Hildesheimer's treatment of the Reichsvereinigung is much more comprehensive, one that benefits from the rich collection of the organization's records that survived the war, and were first made available by the DDR to the Israeli historian Otto Dov Kulka during the 1960's. The collection is strong for the years 1939-1941, but rather thin for the years 1941-1943. The author was able to supplement this primary source with numerous other primary materials from archives in Israel, Germany, and the United States. He attempts to refute earlier arguments that the Reichsvereinigung was an exclusively Nazi creation, simply a vehicle for using Jews to promote the regime's Jewish policy after 1939. While unable to fill in all of the blanks about the inception of the Reichsvereinigung in 1939, including the exact date of its establishment, the author does demonstrate that leaders from the Reichsvertretung began to move toward an entirely different kind of central body in 1938, a good six months before Nazi authorities declared a need for a compulsory organization that represented all individual Jews in Germany. With the dissolution of all Jewish organizations of a political nature late in 1938, the Reichsvertretung had become irrelevant since it was a voluntary federation of precisely those and other Jewish organizations.
Notwithstanding the foresight of some of the leaders of the old Reichsvertretung, it is still difficult to escape the reality that the Reichsvereinigung ultimately came into existence early in 1939 because the authorities desired the creation of such an organization. And, given the realities of Jewish life in Germany in 1939, that is nothing of which to be ashamed. In spite of the dramatic and often heroic initiatives and activities of Jewish organizations and individuals in Germany, they remained the isolated and acutely vulnerable objects of policy in a police state. As such, even initiatives by Jews were often reactions to situations they otherwise would not have intended.

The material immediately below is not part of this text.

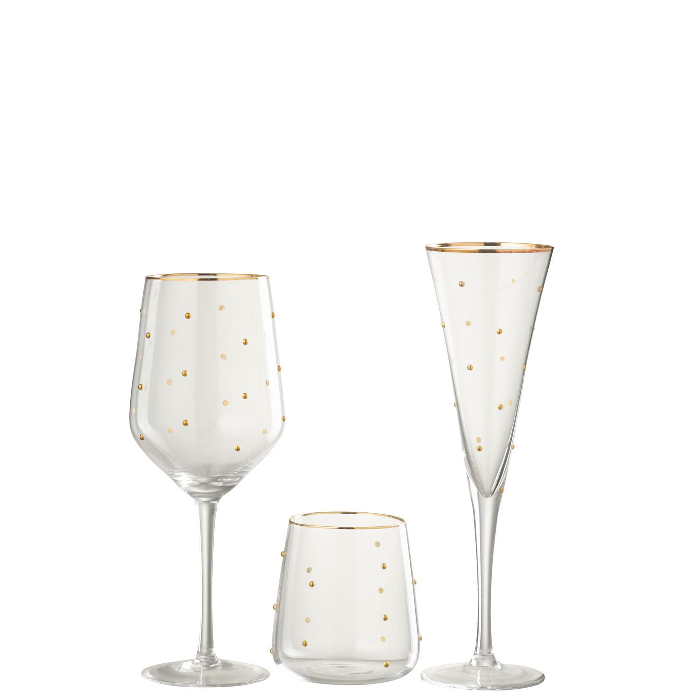 J Line Champagnerglas Punkte Glas Transparent/Goldfarben

The radicalization of the methods if not the aims of Nazi Jewish policy in 1938 and 1939 demanded the establishment of an organization such as the Reichsvereinigung. The regime's goal remained emigration, but the methods, perfected by Eichmann's Zentralstelle fuer juedische Auswanderung in Vienna, would be even harsher; the quasi-legal and essentially voluntary emigration policies between 1933 and 1938 gave way to the brutality of deportation. The Reichsvereinigung would be the link between a new Reichszentrale fuer juedische Auswanderung, modeled on Eichmann's operation and established in Berlin early in 1939, and what was left of German Jewry in the Altreich. Its tasks were centered on Jewish emigration, on the education, re-education and occupational re-training that supported it, and on Jewish social welfare programs for a dwindling and increasingly impoverished Jewish community, at least through 1941. The author's meticulous treatment of these tasks is outstanding, a much-needed, original contribution to the literature. He presents in detail the work of the Reichs-vereinigung, its efforts to relieve Jewish suffering and to get as many Jews as possible out of Germany before the ban on Jewish emigration in the Fall of 1941.

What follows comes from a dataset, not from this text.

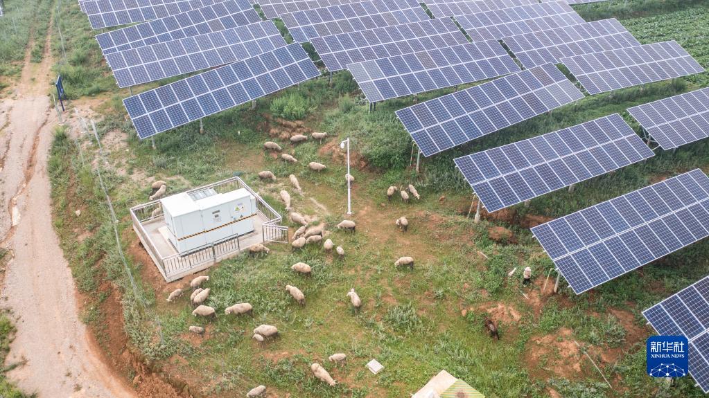 当地村民在仙水窝光伏电站放羊(8月24日摄,无人机照片)。

Certainly no Jewish organization in the Third Reich could easily avoid being manipulated by the regime to further its anti-Jewish policies, be it emigration, deportation or mass murder. In this regard, the Reichsvereinigung was no different from other Jewish organizations. Since both the Reichsvertretung and the Reichsvereinigung at times were able to blunt the full force of the Nazi onslaught against the Jews by aiding in the emigration process, or providing social or cultural support, they served a positive and noble purpose. Beyond that, Hildesheimer also appears determined to establish their legitimacy on the basis of their ability to convince the authorities of their usefulness. In his view, their success in helping German Jews also must be judged on their effectiveness as intermediaries with the regime. He concludes that the "Reichs- vertretung nicht nur de facto anerkannt war, sondern dass verschiedene Behoerden sie und ihre Taetigkeit sehr wohl beruecksichtigten...." With regard to the Reichsvereinigung, he concludes that it was not merely "ein Werkzeug in den Haenden des Regimes....", but rather it was the product as much of Jewish initiative as of the regime's, and that it "nicht selten gewisse Erfolge gegenueber dem Regime zu verzeichnen hatte...."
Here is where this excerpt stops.